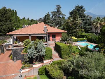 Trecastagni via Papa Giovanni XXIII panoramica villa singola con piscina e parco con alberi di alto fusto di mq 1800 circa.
==
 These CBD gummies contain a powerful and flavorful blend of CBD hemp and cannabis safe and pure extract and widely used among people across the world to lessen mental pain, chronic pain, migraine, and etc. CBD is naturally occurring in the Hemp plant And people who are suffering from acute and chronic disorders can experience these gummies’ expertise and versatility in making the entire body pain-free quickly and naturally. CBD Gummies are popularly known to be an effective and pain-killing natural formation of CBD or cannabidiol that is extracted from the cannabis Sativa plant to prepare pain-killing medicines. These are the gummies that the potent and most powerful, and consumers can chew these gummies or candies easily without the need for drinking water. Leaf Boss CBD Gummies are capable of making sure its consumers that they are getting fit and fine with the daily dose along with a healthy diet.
---
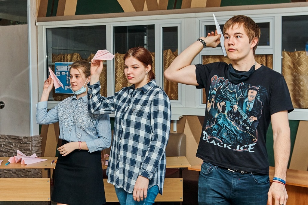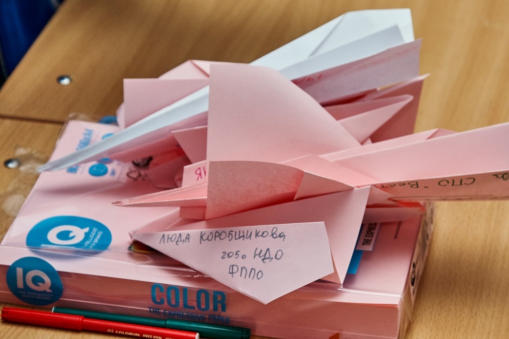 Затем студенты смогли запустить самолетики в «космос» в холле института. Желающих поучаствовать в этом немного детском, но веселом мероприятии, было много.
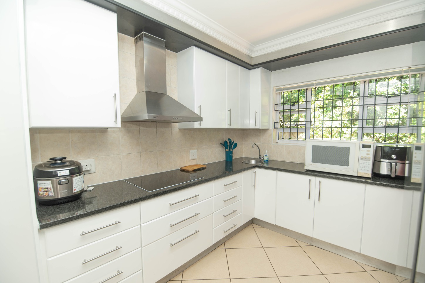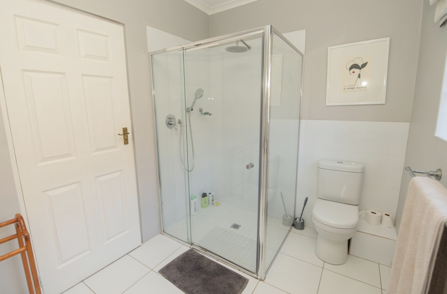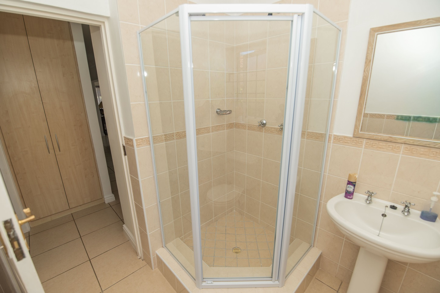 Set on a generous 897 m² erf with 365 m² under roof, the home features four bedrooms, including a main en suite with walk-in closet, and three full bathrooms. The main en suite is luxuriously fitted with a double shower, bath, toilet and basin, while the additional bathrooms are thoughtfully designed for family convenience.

__INSTRUCTIONS TO FOLLOW__: Give again, exactly as written above, every line from the one holding "Затем студенты смогли" to the one holding "Set on a generous", with both ends kept and the pictures left out.

__RESULT__:
 Затем студенты смогли запустить самолетики в «космос» в холле института. Желающих поучаствовать в этом немного детском, но веселом мероприятии, было много.
 Set on a generous 897 m² erf with 365 m² under roof, the home features four bedrooms, including a main en suite with walk-in closet, and three full bathrooms. The main en suite is luxuriously fitted with a double shower, bath, toilet and basin, while the additional bathrooms are thoughtfully designed for family convenience.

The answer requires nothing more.